Lightning in the Hand: Indians and Voting Rights

Details

Author(s):
  • Pamela Karlan
Publish Date:
April 3, 2011
Publication Title:
120 Yale Law Journal 1420 . Previously a Stanford Public Law Working Paper
Format:
Book Review
Citation(s):
  • Pamela S. Karlan, Lightning in the Hand: Indians and Voting Rights, 120 Yale Law Journal 1420 (2011). Previously a Stanford Public Law Working Paper.
Related Organization(s):

Abstract

This review essay discusses Laughlin McDonald’s book, American Indians and the Fight For Equal Voting Rights (2010), to explore questions of disenfranchisement, dilution, and constitutional design. McDonald examines the barriers to full political equality faced by Indians in communities in five Western states and describes litigation under the Voting Rights Act of 1965 attacking these barriers. In many ways, the Indian voting rights cases resemble the cases brought, often a generation earlier, by black citizens in the South and Latino citizens in the Southwest. But as McDonald explains, Indians occupy a distinctive status within the American political order. Indians are citizens not only of the United States and the state where they reside but often also (and particularly in those regions where they are most likely to bring voting rights claims) of a separate sovereign as well – their tribe. This fact has inflected both the history of Indian disenfranchisement and the course of litigation under the Voting Rights Act.
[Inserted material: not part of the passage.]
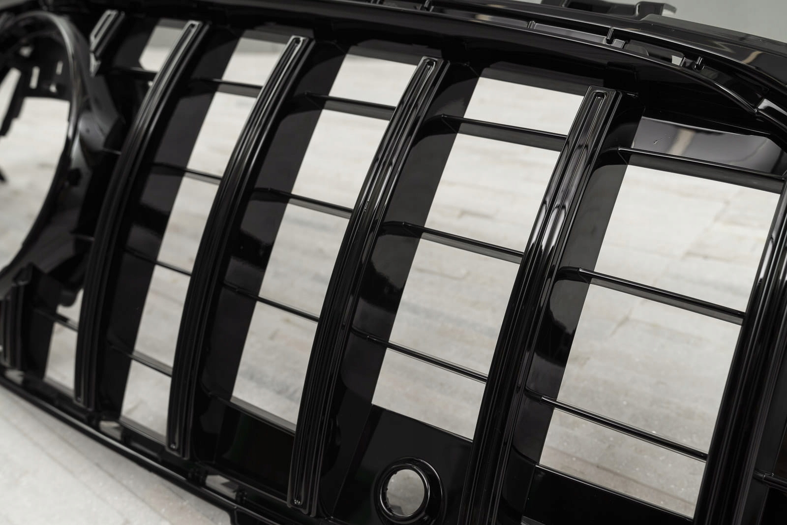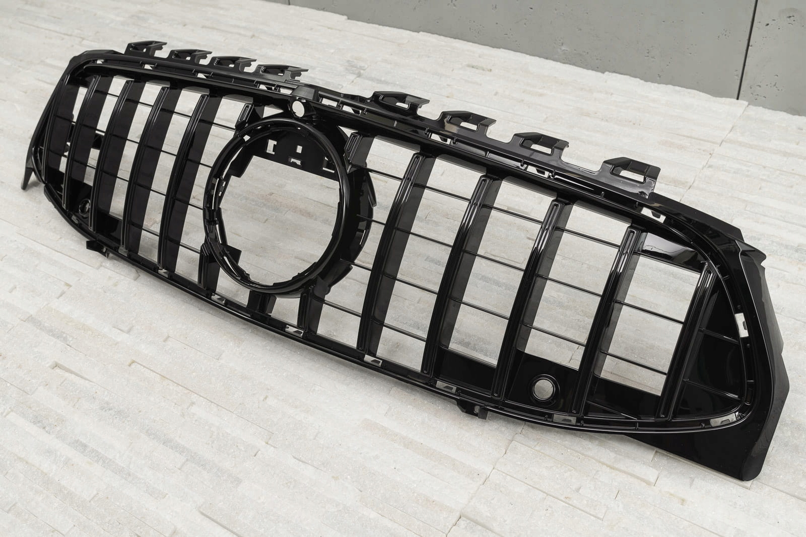 Передня решітка, модель GT / PANAMERICANA для MERCEDES CLA (C118) 2019+ (ВЕРСІЯ З ЗАВОДСЬКОЮ КАМЕРОЮ). Спеціальна решітка виконана в стилі, типовому для автомобілів сегменту GT. Решітка радіатора прикрашена широкими чорними поперечинами, які неодмінно нагадують про респектабельні, потужні автомобілі топ-полиці. Елемент вражає своїм спортивним характером, ідеально поєднуючись із вражаючим дизайном Mercedes.

Part I describes the history of Indian disenfranchisement in light of their distinctive constitutional status. Indians’ exclusion from the political process reflected profound racism as pernicious and pervasive as the discrimination facing blacks in the South and Latinos in the Southwest. But it also involved complex constitutional and conceptual issues unique to Indians, who were excluded from citizenship, even after passage of the Fourteenth Amendment and who remained subject to distinct treatment even after citizenship was conferred. Part II then turns to the relatively recent vote dilution litigation that forms the heart of McDonald’s book. Indian voting rights cases have followed a clear path blazed by earlier cases involving blacks and Latinos. Nevertheless, themes related to Indians’ distinctive political status crop up within the litigation at various points. Finally, Part III looks beyond Indians’ claims under the Voting Rights Act to discuss issues related to internal tribal elections. Like other elections, these contests involve fundamental questions about enfranchisement and electoral design. Tribal answers to these questions sometimes depart dramatically from the rules governing federal, state, and local elections. I talk about two such departures, one related to voting by non-residents and the other related to nonequipopulous voting districts, to show how they that tie into ongoing debates extending far beyond Indian law.